6 March 2017

In common with many low risk businesses, the main causes of injuries in hair salons, barbershops and beauty salons are slips, trips and falls, rather than occupationally-specific conditions.

The NHBF takes health and safety seriously, and has published a toolkit to help prevent some of the health risks specifically associated with working within the hairdressing industry. One example is contact dermatitis which is caused by frequent ‘wet work’. Research published by the UK Health & Safety Executive (HSE) shows that hairdressers and beauty therapists have higher rates of contact dermatitis than other industries. However, rates have fallen over the last 10 years and the condition affects just 82 people out of every 100,000. Initiatives such as ‘Bad Hand Day’, supported by the NHBF and the HSE, show that education to raise awareness of the condition and how to prevent it are more effective than a legally binding EU directive which negatively focuses on non-compliance and enforcement.

While the UK has resisted the EU directive, the agreement was signed in 2012 by UNI Europa on behalf of the unions, and the employer’s body, Coiffure EU, despite strong opposition and a majority of just one vote. Ten EU member states, including the UK, have stated that they would oppose implementing the agreement in their countries.

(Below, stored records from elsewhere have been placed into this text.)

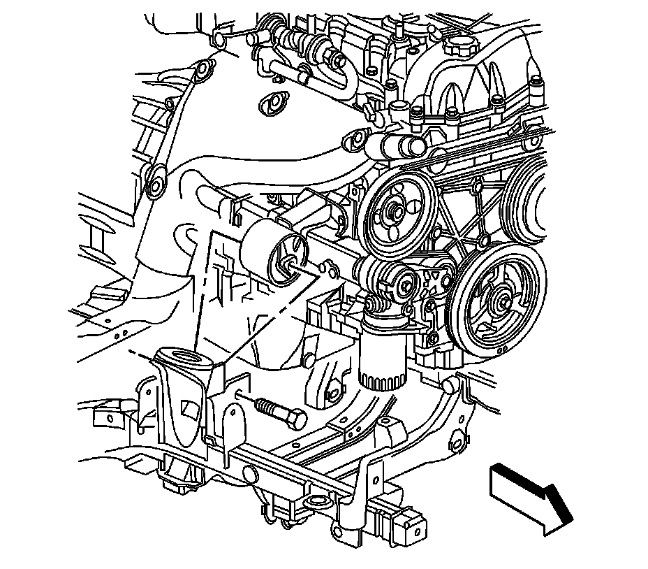 29. Remove the power steering pump mounting bolts ONLY, and position aside.
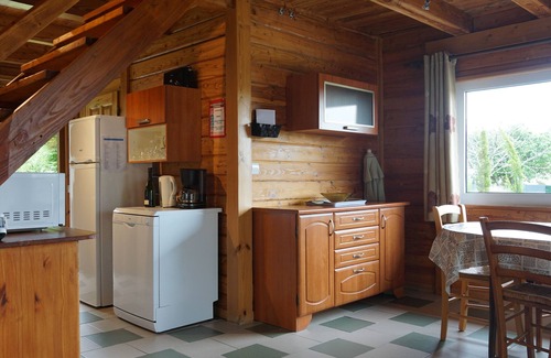 Chalet larch, with covered terrace and balcony upstairs. 64 m2, very warm, heated by reversible air conditioning, kitchen equipped with a fridge-freezer, cooker, hood, microwave, food processor, coffee maker, kettle, toaster, blender, pressure cooker, dishwasher, utensils and dishes in good condition and in sufficient quantity; Dining Area.
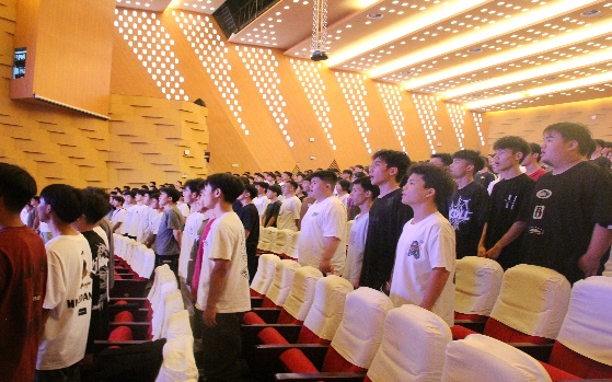 会议在庄严肃穆的《义勇军进行曲》中拉开帷幕。陆忠婷副书记介绍出席会议的领导及老师,并播放了BETWA西汉姆联宣传片,为新生们展示了学校的精神风貌和办学历史。在入学教育会上,何璘书记以发扬奥运精神为主题,发表了关于理想信念、爱校荣校及适应性教育的讲话;陆忠婷副书记以校纪校规为重点,围绕心理健康和生命健康进行安全教育;魏勇老师则就职业生涯规划、学术道德、励志教育进行了分享。最后,陆忠婷副书记在大会上作军训动员,强调了军训期间的纪律要求,并告诫广大2024级新生在军训过程中需注意安全。大会在慷慨激昂的《中国人民解放军军歌》中圆满结束。
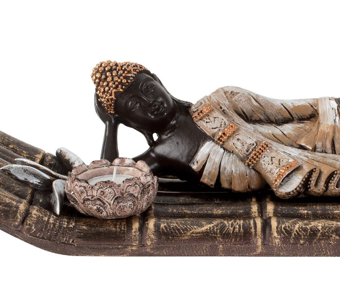 Ko prižgete svečko, se svetloba nežno preliva preko kipa Bude, kar ustvari prav posebno atmosfero, ki pomirja um in navdihuje k meditaciji, sprostitvi ter notranjemu ravnovesju. Kipec Buda simbolizira modrost, mir in duhovno prebujenje – zato je odlična izbira za vsak dom, kjer želite dodati pridih harmonije.
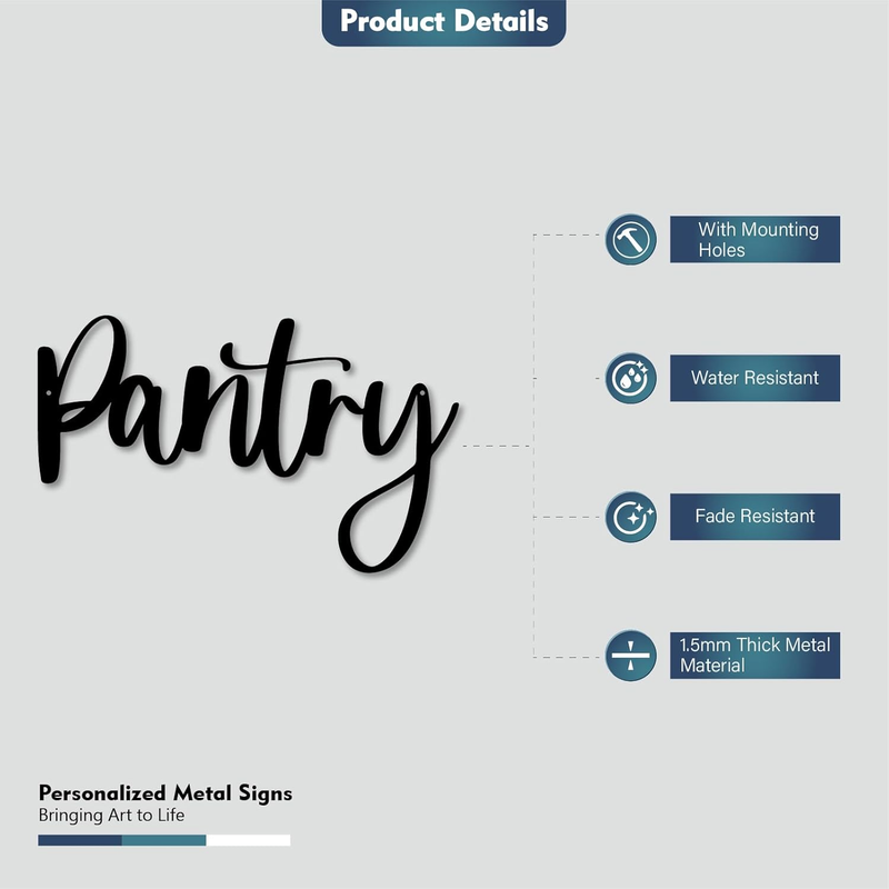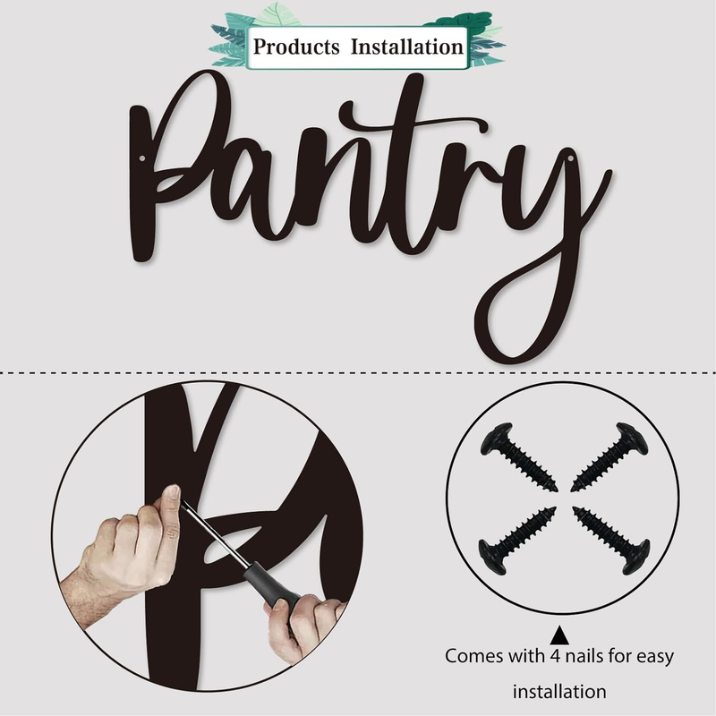Pantry Word Sign Metal Wall Decor - 12"X7.4" Pantry Decor for Home Kitchen Resta

Seven years on, it has still not been implemented by the European Commission. The Commission itself has cited the hairdressers’ occupational health and safety agreement as an example of the kind of red tape bureaucracy they want to stamp out because it has a disproportionate impact on small businesses. Further, the agreement cannot be legally enforced on self-employed hairdressers and barbers, which means that approximately half of the UK workforce would be exempt from its requirements.

NHBF chief executive Hilary Hall said, “Employers owe it to the people working in their businesses to protect their health and safety. It makes good business sense too, as absence from work due to preventable conditions has an economic as well as a human cost. But we believe that education is a better way of tackling these problems than introducing yet more EU red tape.”